EXERCISE BRIEF =>
From the first line to the last, copy the listing exactly and omit the images.

**********

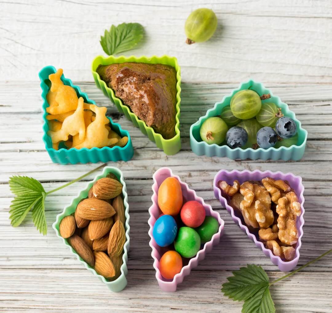 Bunte Silikonförmchen von LEKKABOX für deine Brotdose. Diese 4 kleinen, Triangel Förmchen machen deine Lunchbox noch bunter und praktischer. Sie helfen dir, dein Essen sauber zu trennen, so bleibt alles an seinem Platz. Perfekt für Käsewürfel, Nüsse, Obst oder kleine Leckereien. Das weiche, biegsame Silikon passt sich super an und findet in jeder Ecke deiner Brotdose einen Platz. Du kannst damit sogar Mini-Muffins, Pudding oder Wackelpudding machen! Einfach backen, kühlen und ab in die Lunchbox. Mit diesen fröhlichen Förmchen wird jede Mahlzeit zum kleinen Abenteuer.
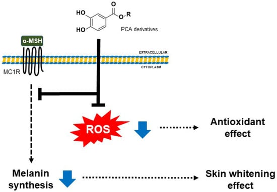 A simple scheme of anti-melanogenesis and antioxidant effects exerted by PCA derivatives. The anti-whitening effect of PCA derivatives is mediated by inhibiting the melanin synthesis induced via α-melanocyte-stimulating hormone (α-MSH) in B16 melanoma cells. In addition, PCA derivatives have a more effective antioxidant effect than PCA in HS68 fibroblast cells. We suggest that PCA derivatives might have multiple effects for other needs.
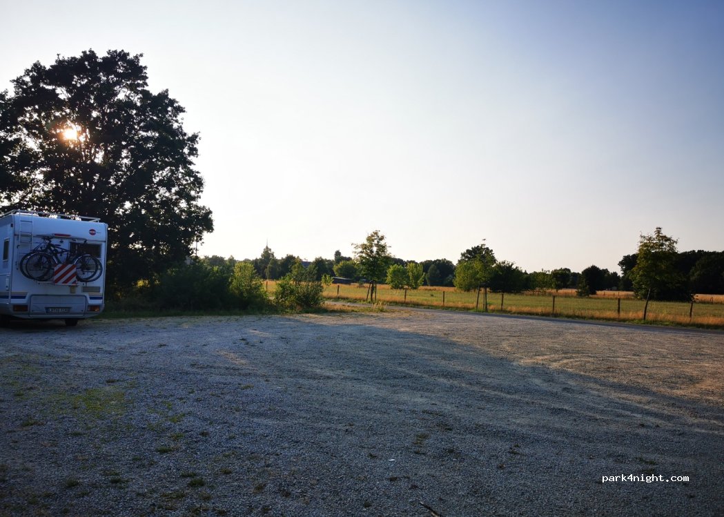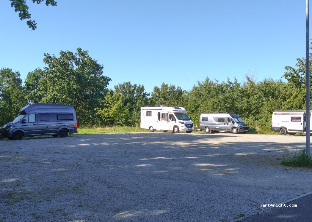Kiesfläche vor einem Badesee und vor dem offiziellen Seeparkplatz. Keine Verbotsschilder. Tagsüber von Einheimischen belegt, die Campingverhalten hier nicht akzeptieren. Leicht abschüssig am Rand.
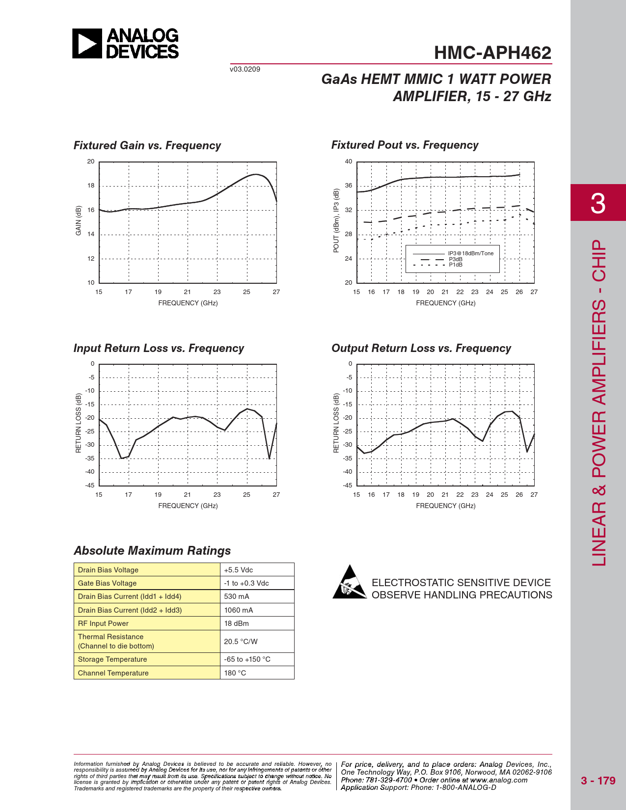IN L Drain Bias Voltage +5.5 Vdc Gate Bias Voltage -1 to +0.3 Vdc ELECTROSTATIC SENSITIVE DEVICE Drain Bias Current (Idd1 + Idd4) 530 mA OBSERVE HANDLING PRECAUTIONS Drain Bias Current (Idd2 + Idd3) 1060 mA RF Input Power 18 dBm Thermal Resistance 20.5 °C/W (Channel to die bottom) Storage Temperature -65 to +150 °C Channel Temperature 180 °C Information furnish F e o d r pri by An ce, de alog Devic leis vie s rby eli, a eve nd to pla d to be accur ce o ate an r d der relia s ble , pl . Ho ease co wever, no For price, delivery, and to place orders: Analog Devices, Inc., responsibility is assumed by Analog Devices for its use, nor for any infringements of patents or other ntact Hittite Microwave Corporation: One Technology Way, P.O. Box 9106, Norwood, MA 02062-9106 20 Alpha Road, Chelmsford, MA 01824 Phone rights of third parties that may result from its use. Specifications subject to change without notice. No : 978 Phon -e25 : 7 0 81 - - 3 3 3 29 4 - 3 F 470 ax 0 • O : 978 rder o - nl 25 in 0 e a - t 33 ww 73 license is granted by implication or otherwise under any patent or patent rights of Analog Devices. w.analog.com
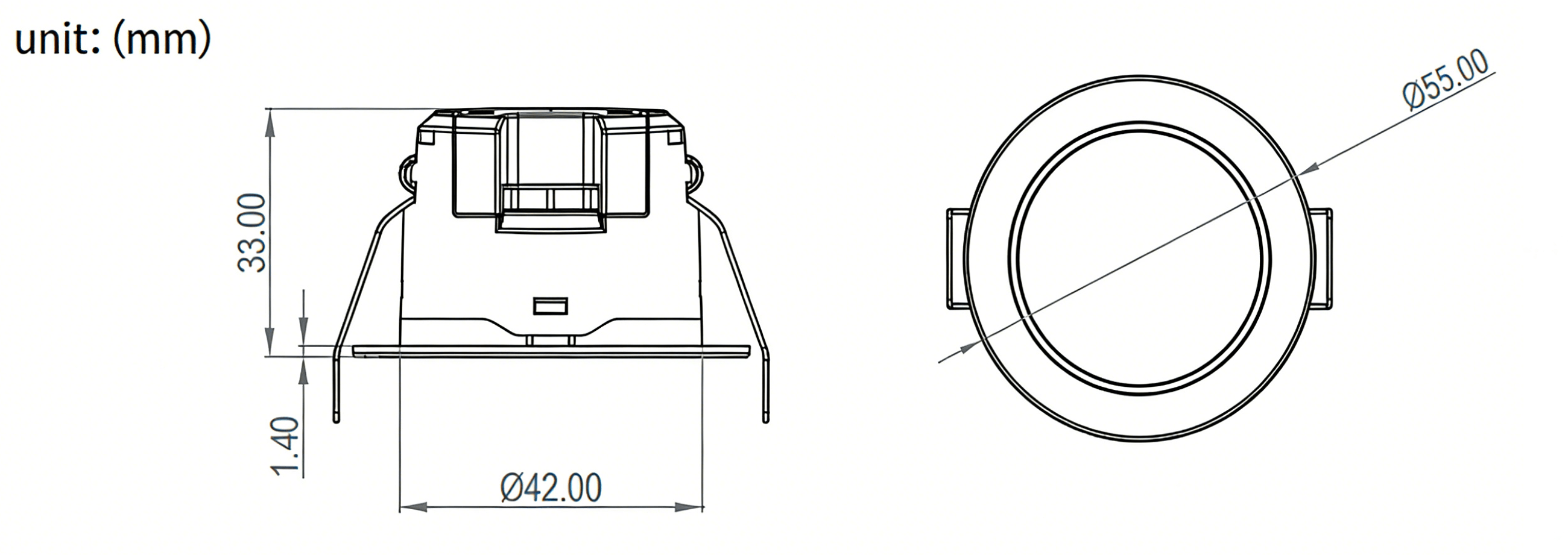 Der 24-GHz-Präsenzsensor erfasst Bewegungen, Mikrobewegungen und Anwesenheit zuverlässig in einem Erfassungsbereich von bis zu 5,5 m. Mit einem Erfassungswinkel von 80° eignet er sich für die präzise Raumüberwachung in Büro- und Gebäudebereichen. Auch minimale Bewegungen wie Tippen oder leichte Körperbewegungen werden sicher erkannt.

**********

ANSWER BELOW =>
 Bunte Silikonförmchen von LEKKABOX für deine Brotdose. Diese 4 kleinen, Triangel Förmchen machen deine Lunchbox noch bunter und praktischer. Sie helfen dir, dein Essen sauber zu trennen, so bleibt alles an seinem Platz. Perfekt für Käsewürfel, Nüsse, Obst oder kleine Leckereien. Das weiche, biegsame Silikon passt sich super an und findet in jeder Ecke deiner Brotdose einen Platz. Du kannst damit sogar Mini-Muffins, Pudding oder Wackelpudding machen! Einfach backen, kühlen und ab in die Lunchbox. Mit diesen fröhlichen Förmchen wird jede Mahlzeit zum kleinen Abenteuer.
 A simple scheme of anti-melanogenesis and antioxidant effects exerted by PCA derivatives. The anti-whitening effect of PCA derivatives is mediated by inhibiting the melanin synthesis induced via α-melanocyte-stimulating hormone (α-MSH) in B16 melanoma cells. In addition, PCA derivatives have a more effective antioxidant effect than PCA in HS68 fibroblast cells. We suggest that PCA derivatives might have multiple effects for other needs.
Kiesfläche vor einem Badesee und vor dem offiziellen Seeparkplatz. Keine Verbotsschilder. Tagsüber von Einheimischen belegt, die Campingverhalten hier nicht akzeptieren. Leicht abschüssig am Rand.
IN L Drain Bias Voltage +5.5 Vdc Gate Bias Voltage -1 to +0.3 Vdc ELECTROSTATIC SENSITIVE DEVICE Drain Bias Current (Idd1 + Idd4) 530 mA OBSERVE HANDLING PRECAUTIONS Drain Bias Current (Idd2 + Idd3) 1060 mA RF Input Power 18 dBm Thermal Resistance 20.5 °C/W (Channel to die bottom) Storage Temperature -65 to +150 °C Channel Temperature 180 °C Information furnish F e o d r pri by An ce, de alog Devic leis vie s rby eli, a eve nd to pla d to be accur ce o ate an r d der relia s ble , pl . Ho ease co wever, no For price, delivery, and to place orders: Analog Devices, Inc., responsibility is assumed by Analog Devices for its use, nor for any infringements of patents or other ntact Hittite Microwave Corporation: One Technology Way, P.O. Box 9106, Norwood, MA 02062-9106 20 Alpha Road, Chelmsford, MA 01824 Phone rights of third parties that may result from its use. Specifications subject to change without notice. No : 978 Phon -e25 : 7 0 81 - - 3 3 3 29 4 - 3 F 470 ax 0 • O : 978 rder o - nl 25 in 0 e a - t 33 ww 73 license is granted by implication or otherwise under any patent or patent rights of Analog Devices. w.analog.com
 Der 24-GHz-Präsenzsensor erfasst Bewegungen, Mikrobewegungen und Anwesenheit zuverlässig in einem Erfassungsbereich von bis zu 5,5 m. Mit einem Erfassungswinkel von 80° eignet er sich für die präzise Raumüberwachung in Büro- und Gebäudebereichen. Auch minimale Bewegungen wie Tippen oder leichte Körperbewegungen werden sicher erkannt.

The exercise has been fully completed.